RECORDS TO PROCESS:
"""

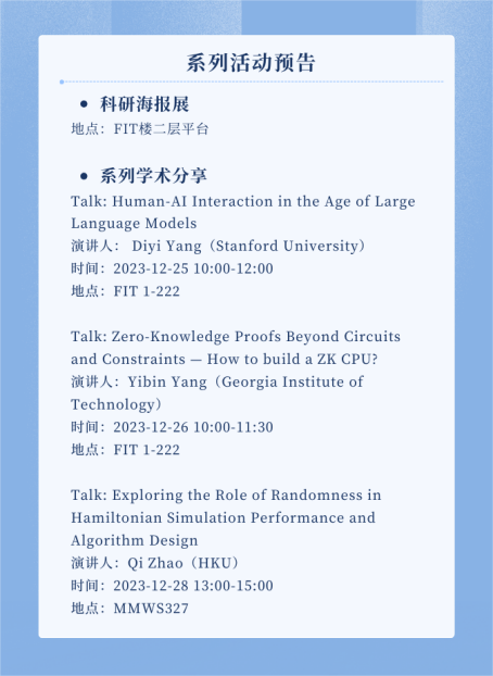 733期博士生学术论坛(IIIS Research Festival& Doctoral Forum)在FIT楼二层大厅拉开帷幕。科研年会和博士生论坛涵盖科研海报交流及展览、科研海报评比、特邀报告、茶歇交流等多个环节。段路明院士、黄隆波副教授、高鸣宇助理教授出席海报评奖环节并为获奖者颁奖。
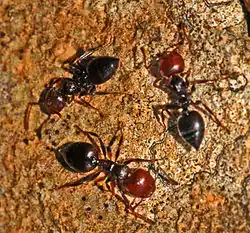 They also transport live aphids into oak-gall nests. Currently there is no evidence of immediate predation of these aphids inside the galls, so they are likely stored to overwinter due to a mutualistic relationship and/or serve as food storage.[1]
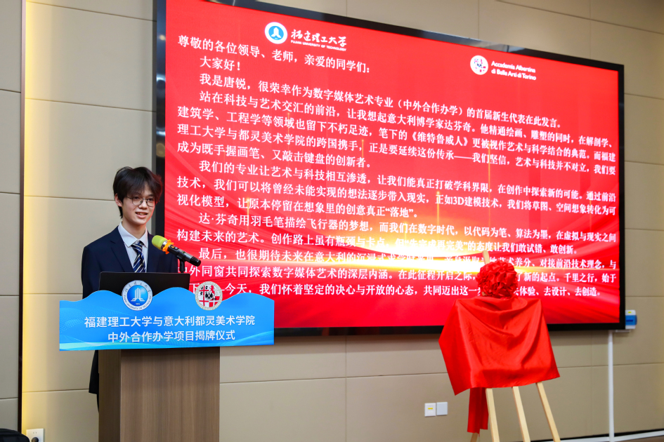 11月17日下午,福建理工大学与意大利都灵美术学院中外合作办学项目揭牌仪式在旗山校区南区举行。都灵美术学院校长Salvatore Bitonti,福建理工大学副校长吴琛出席仪式。学校机关部处、相关二级学院负责人及师生代表参加仪式。
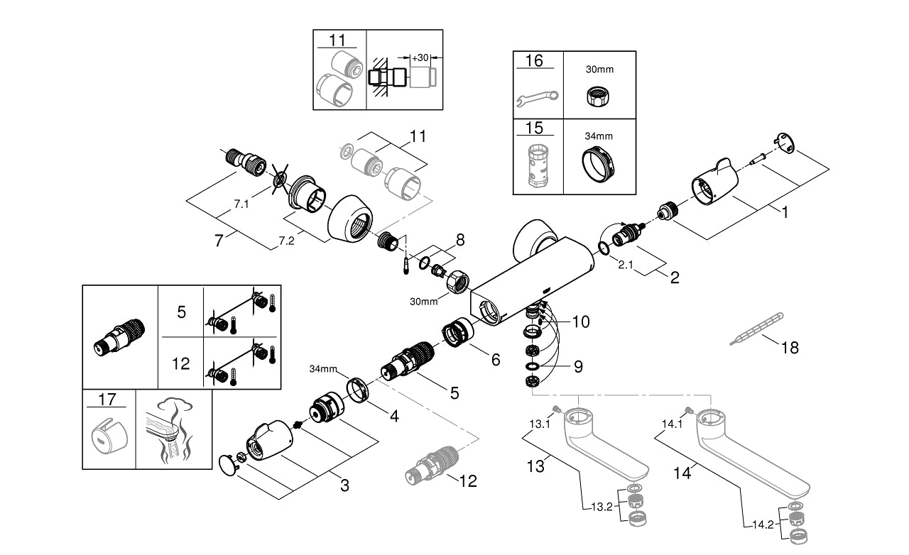 Pos. No. Prod. Beschreibung 1 Shut-off handle 2 Seramik salmastra, 1/2" 2.1 O-ring Ø18,2 x Ø1,7 3 GRT Special sıcaklık kontrolü kolu 4 Montaj halkası 5 Termostatik kompak kartuş 1/2 6 UK 7 Ekzantrik 7.1 conta 7.2 Europlus Banyo Bataryası Rozeti 8 çek valf 9 Izolasyon contasi 10 stop vida 11 Uzatma-seti 30 mm 12 GROHE TurboStat kartuş 1/2" 13 Döküm döner çıkış ucu 14 Döküm döner çıkış ucu 15 Soket anahtarı 16 özel anahtar 17 Sıcaklık kilidi kaldırır kol 18 Ayarlama Termometres, (°C) Özellikler
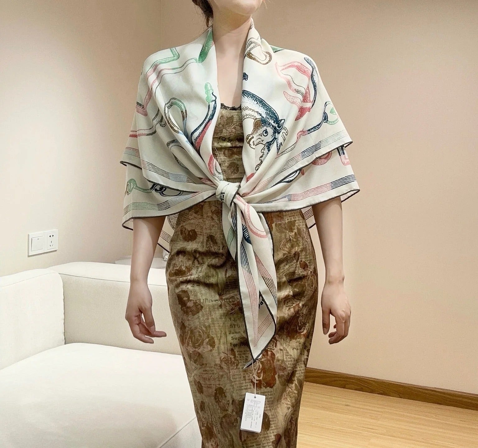 HERMES 25S SCARF 135 IN CASHMERE SILK 854593
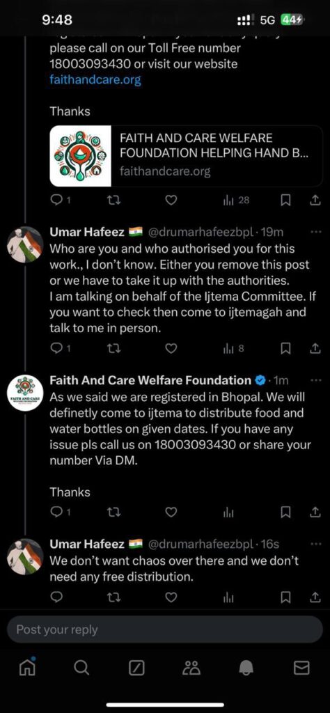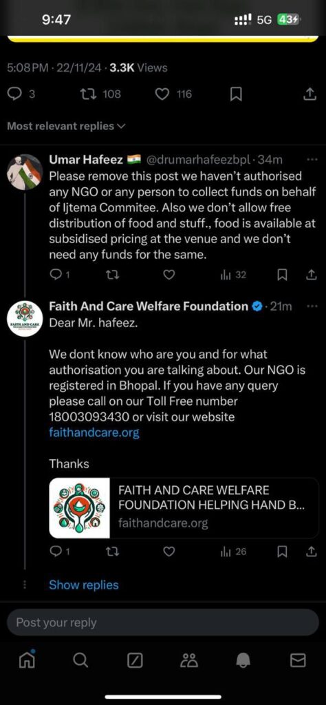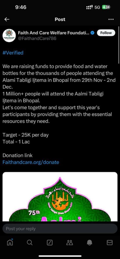 सोशल मीडिया प्लेटफार्म पर अशरफ हुसैन नामक एक व्यक्ति ने एक पोस्ट शेयर की। उन्होंने फेथ एंड केयर वेल्फेयर फाउंडेशन के नाम से एक अपील आगे बढ़ाई थी। इसमें कहा गया था कि आलमी तबलीगी इज्तिमा में आने वाले लाखों लोगों के लिए मुफ्त खाने और पानी की बॉटल का इंतजाम संस्था द्वारा किया जाएगा। इसके लिए उन्होंने चार दिन के इज्तिमा आयोजन में होने वाले खर्च के लिए लोगों से दान करने की अपील भी की।
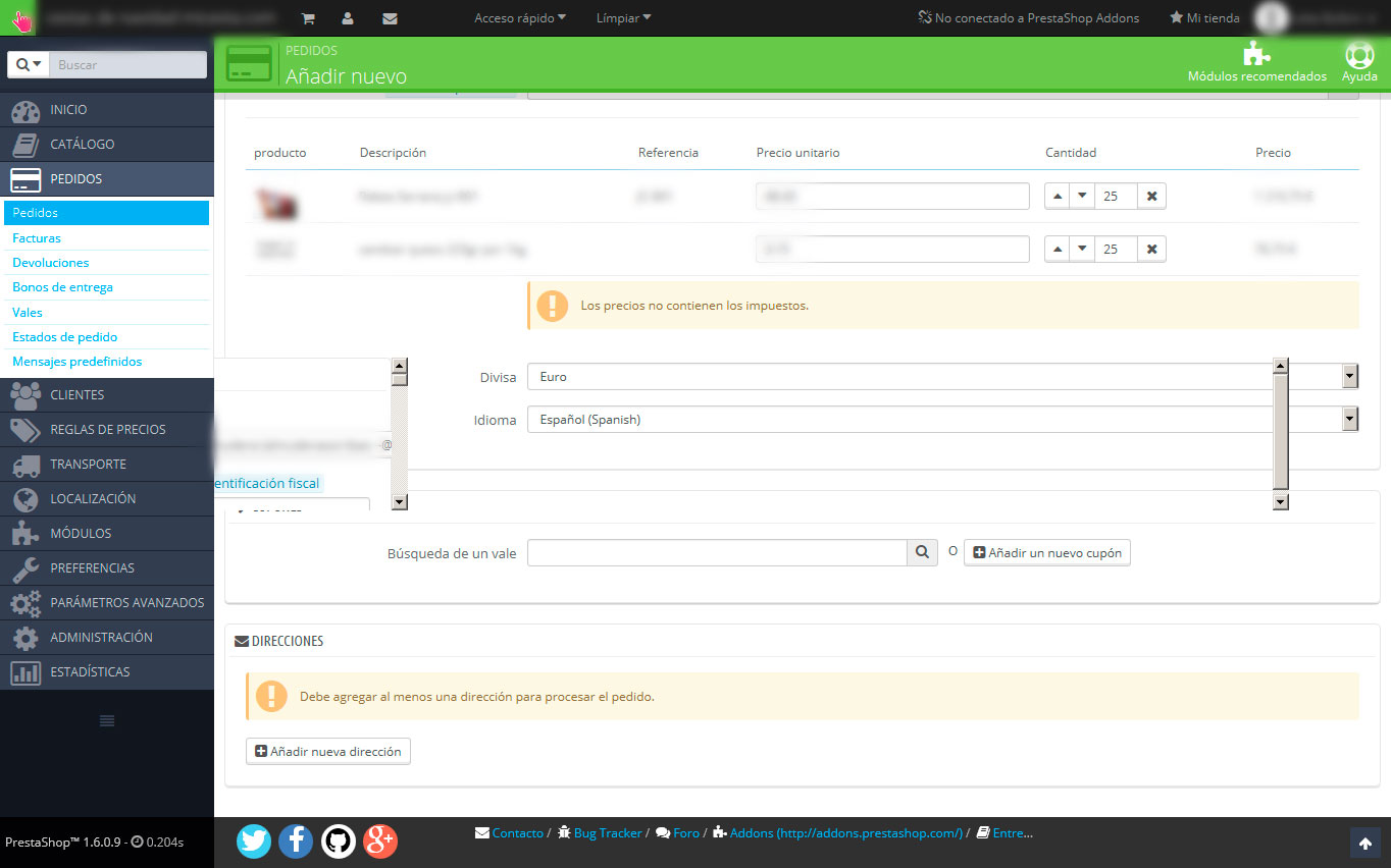 No puedo añadir nueva dirección a cliente
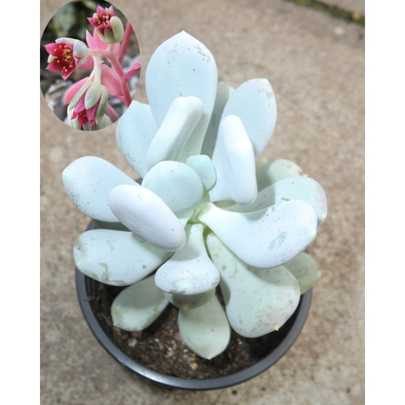 Velmi tučné, podlouhlé, šedomodré listy v růžici. Zvonečkové květy jsou uvnitř červené. Je podobný příbuzné formě P. oviferum. Pochází z Mexika. Expedujeme rostliny: Ø květináče 5,5cm.
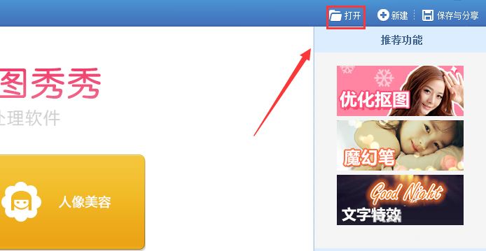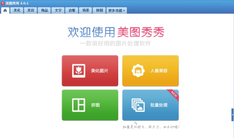 1、打开美图秀秀这款软件,进入美图秀秀的操作界面,如图所示:
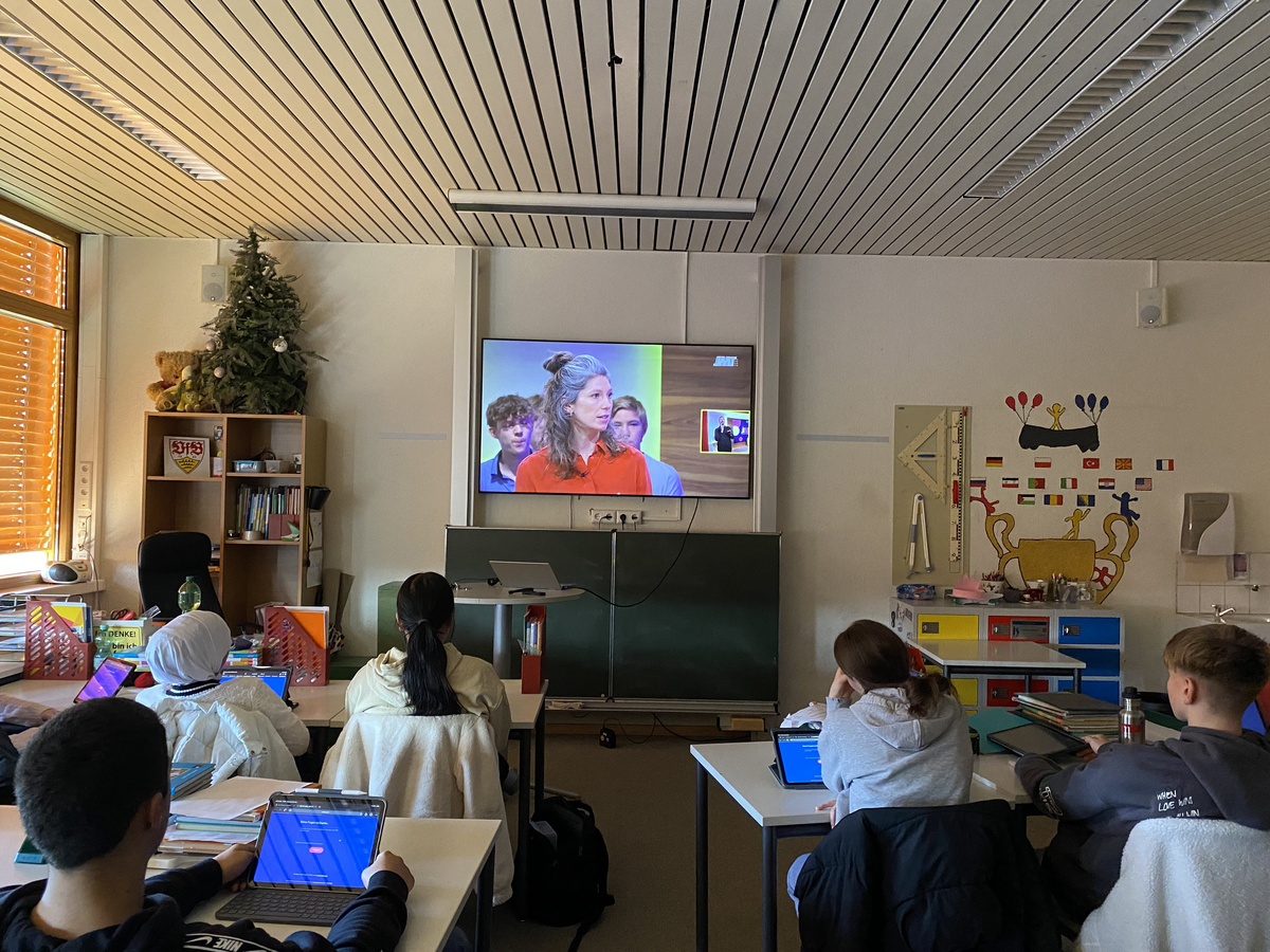 Die Klasse 8a nahm am ARD-Medientag am Workshop „Achtung! So gefährden Medien die Demokratie“ teil. Der Workshop erwies sich als äußerst informativ und lehrreich: Die Schülerinnen und Schüler erhielten spannende Einblicke darin, wie Medien unsere Meinungsbildung beeinflussen können und welche Risiken durch Falschinformationen oder einseitige Berichterstattung entstehen.
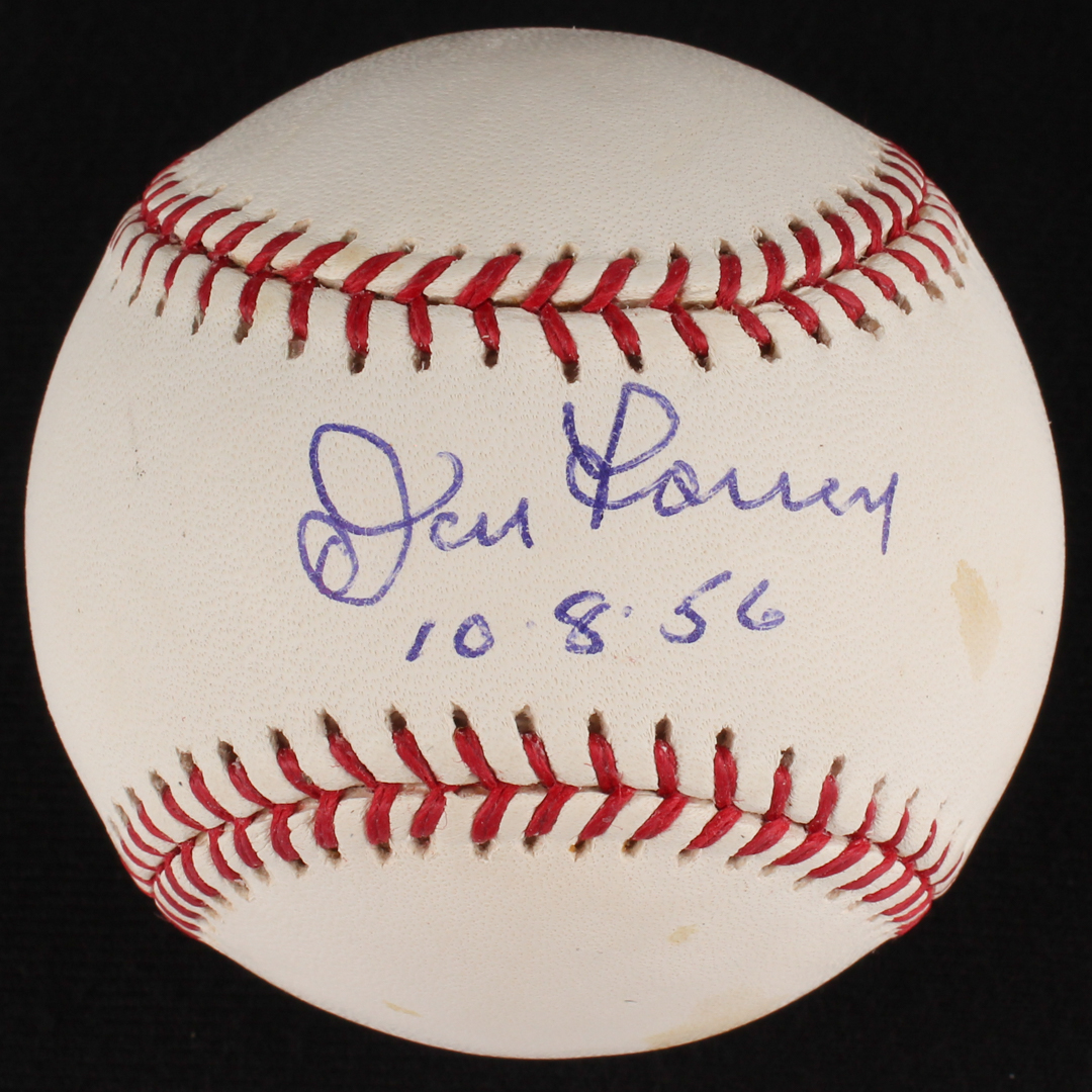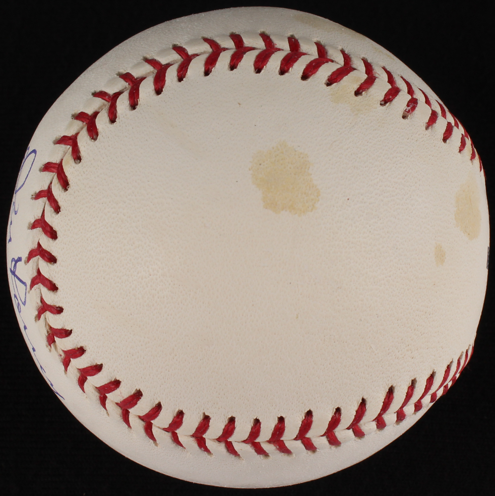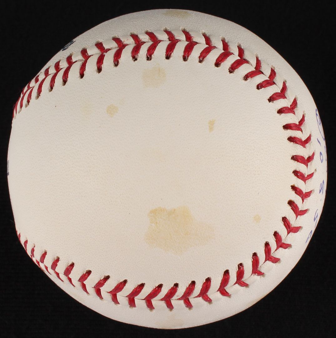 Rawlings Official Major League Baseball. Hand-signed and inscribed in blue ink pen by Don Larsen (Yankees). Please note, ball has some staining.

"""

WORK TO COMPLETE:
Output exactly the lines above, from the line with "सोशल मीडिया प्लेटफार्म" to the line with "Velmi tučné, podlouhlé, šedomodré", both included; skip the pictures.

RESULT FOR THIS TASK:
 सोशल मीडिया प्लेटफार्म पर अशरफ हुसैन नामक एक व्यक्ति ने एक पोस्ट शेयर की। उन्होंने फेथ एंड केयर वेल्फेयर फाउंडेशन के नाम से एक अपील आगे बढ़ाई थी। इसमें कहा गया था कि आलमी तबलीगी इज्तिमा में आने वाले लाखों लोगों के लिए मुफ्त खाने और पानी की बॉटल का इंतजाम संस्था द्वारा किया जाएगा। इसके लिए उन्होंने चार दिन के इज्तिमा आयोजन में होने वाले खर्च के लिए लोगों से दान करने की अपील भी की।
 No puedo añadir nueva dirección a cliente
 Velmi tučné, podlouhlé, šedomodré listy v růžici. Zvonečkové květy jsou uvnitř červené. Je podobný příbuzné formě P. oviferum. Pochází z Mexika. Expedujeme rostliny: Ø květináče 5,5cm.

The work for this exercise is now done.